Let $\{X_n\}$ be a sequence of uncorrelated random variables with common mean $\mu$, such that $\sup_n$Var$(X_n)<\infty$. If $S_n=\sum_{k=1}^n X_k$, show that $n^{-2}\sum_{k=1}^nS_k$ converges in probability as $n\to\infty$ and identify the limit.
I know that using Weak Laws of Large Numbers, it is easily proven that $\frac{S_n}{n}\to\mu$ in $L^2$, and thus converges to $\mu$ in probability as well. But I'm having trouble using this result to prove that $n^{-2}\sum_{k=1}^nS_k$ converges in probability. I think it would help to know the limit (at least intuitively) to prove this, but I'm a bit stuck on this problem.
My attempt: First note that $$\frac{\sum_{k=1}^nS_k}{n^2}\leq\frac{nS_n}{n^2}=\frac{S_n}{n}$$ Then since we know $E(\lvert \frac{S_n}{n}-\mu\rvert^2)\to 0$, $E(\lvert\frac{\sum_{k=1}^nS_k}{n^2}-\mu \rvert^2)\leq E(\lvert \frac{S_n}{n}-\mu\rvert^2)$ by monotonicity (since expectations are integrals, and monotonicity holds for integals), and thus $E(\lvert\frac{\sum_{k=1}^nS_k}{n^2}-\mu \rvert^2)\to 0$ as $n\to\infty$. Now using Markov's inequality, I can conclude that $\frac{\sum_{k=1}^nS_k}{n^2}\to\mu$ in probability.
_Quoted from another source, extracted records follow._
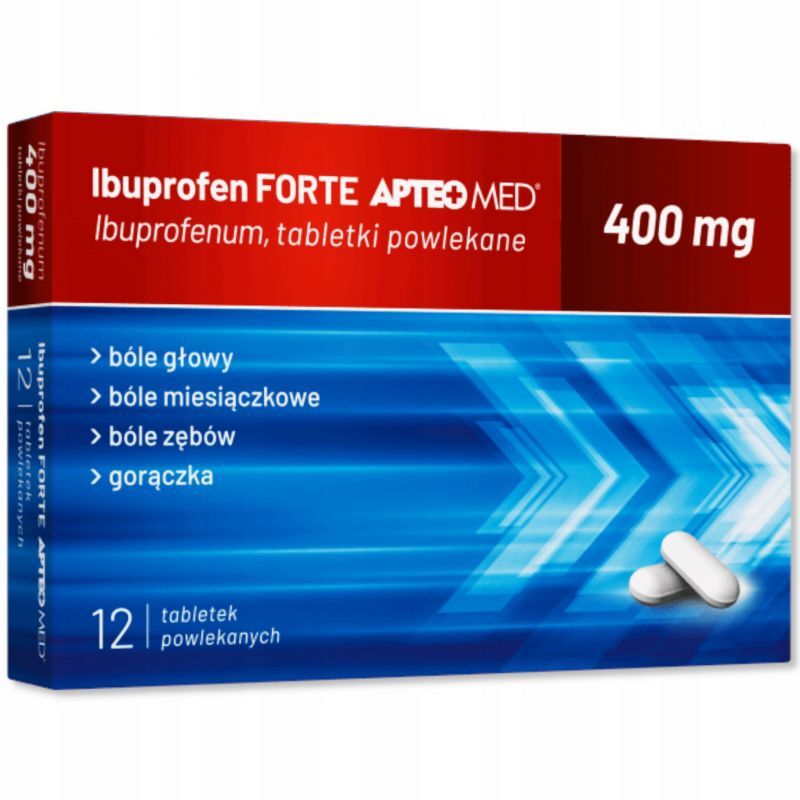 OpisIbuprofen APTEO MED zawiera 400 mg ibuprofenu, który jest częścią grupy niesteroidowych leków przeciwzapalnych (NLPZ) mających na celu łagodzenie bólu i obniżanie gorączki. Lek ten jest stosowany do krótkotrwałego leczenia objawowego bólu o łagodnym lub umiarkowanym nasileniu, w tym bólu głowy, menstruacyjnego, zębów oraz w przypadkach gorączki.
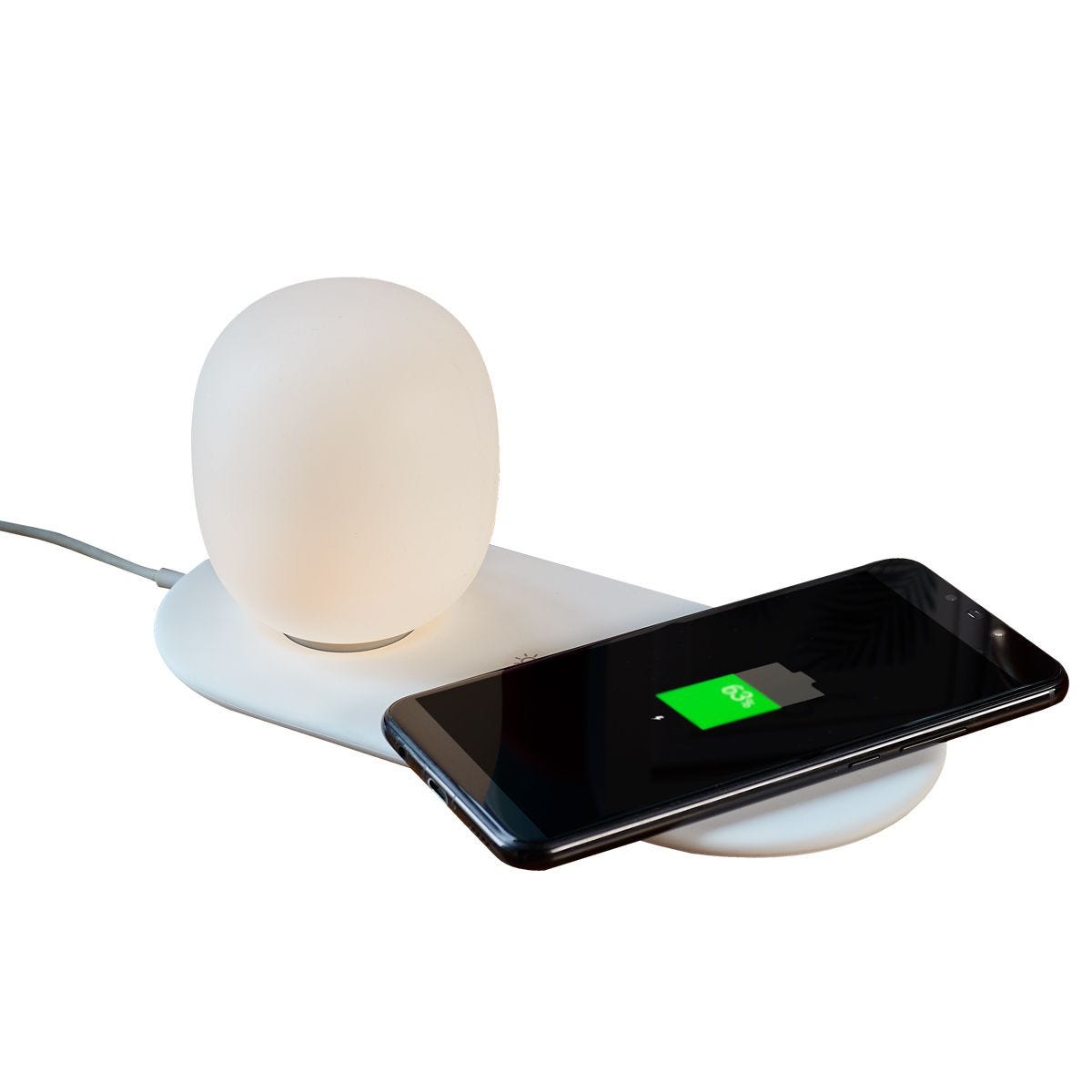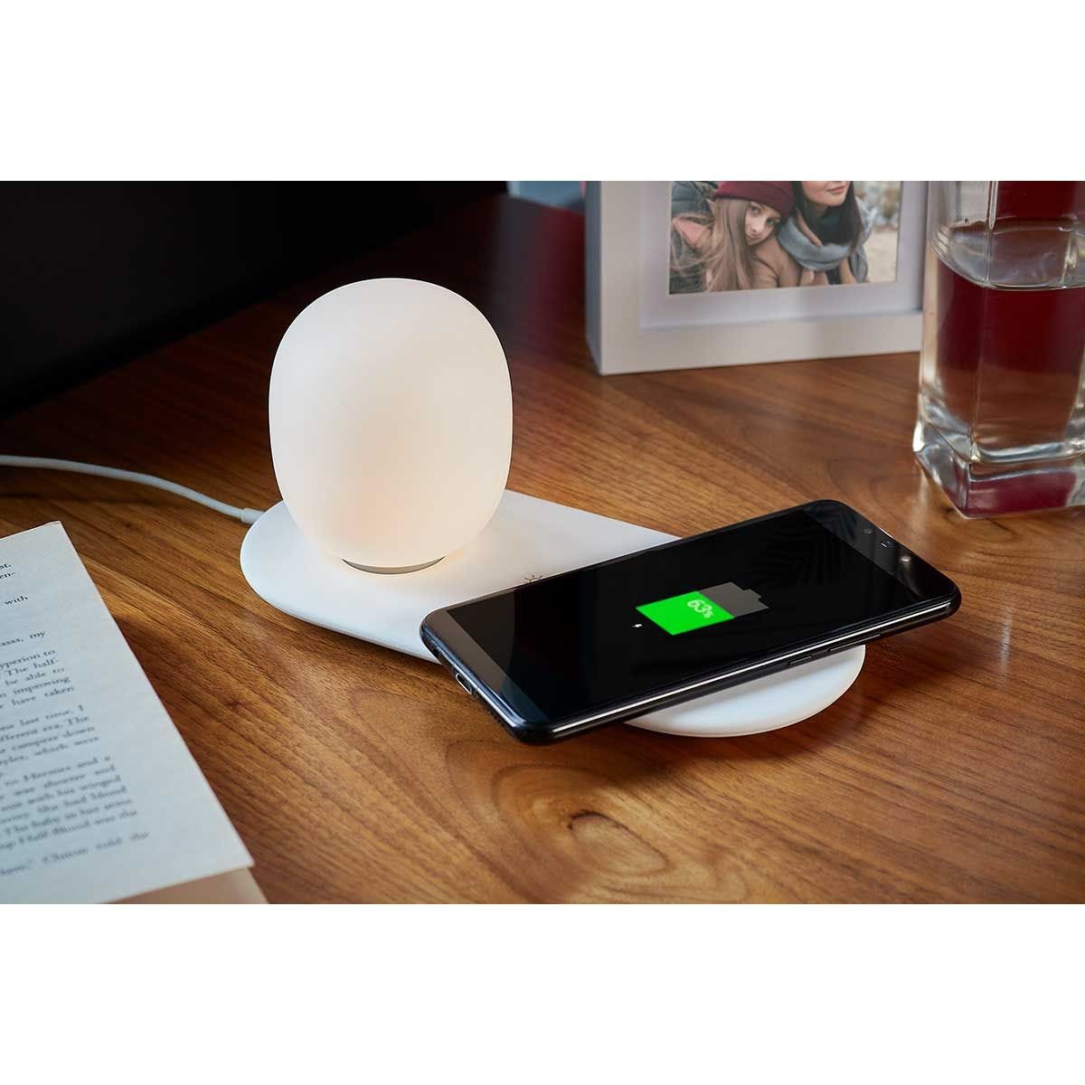 Cargador inalámbrico para smartphone con lámpara de escritorio. Incluye cable cargador. Compatible con la mayoría de dispositivos comerciales que cuenten con tecnología de carga inalámbrica.
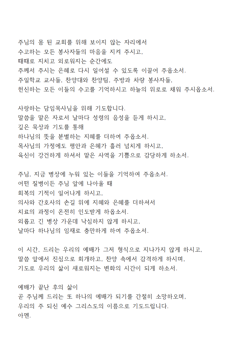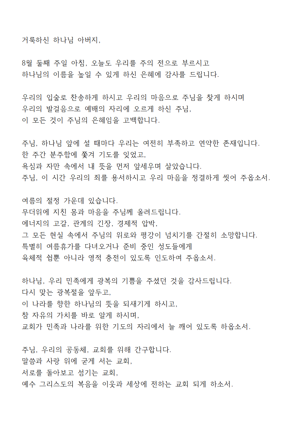 이번 글에서는 8월 둘째주일 대표기도문을 안내해 드리겠습니다.

I kind of get the feeling that my answer may be incorrect. I would love for someone to provide some hints/point me in the right direction. Thanks
It follows from Chebyshev's inequality that if $\{Y_n\}$ is a sequence of random variables with finite second moments such that $\mathbb{E}[Y_n]\to\mu$ and $\mathrm{var}(Y_n)\to0$, then $Y_n\to\mu$ in probability.
Now note that we can write $$ \sum_{k=1}^nS_k=\sum_{k=1}^n(n-k+1)X_k$$ Therefore $$ \mathbb{E}\Big[n^{-2}\sum_{k=1}^nS_k\Big]=\frac{n(n+1)}{2n^2}\mu\to \frac{\mu}{2}$$ as $n\to\infty$, and since the $X_k$ are uncorrelated with $\sup_k\mathrm{var}(X_k)<\infty$, $$ \mathrm{var}\Big(n^{-2}\sum_{k=1}^nS_k\Big)=n^{-4}\sum_{k=1}^n(n-k+1)^2\mathrm{var}(X_k)\to0$$ as $n\to\infty$, so the result follows by setting $Y_n=n^{-2}\sum_{k=1}^nS_k$.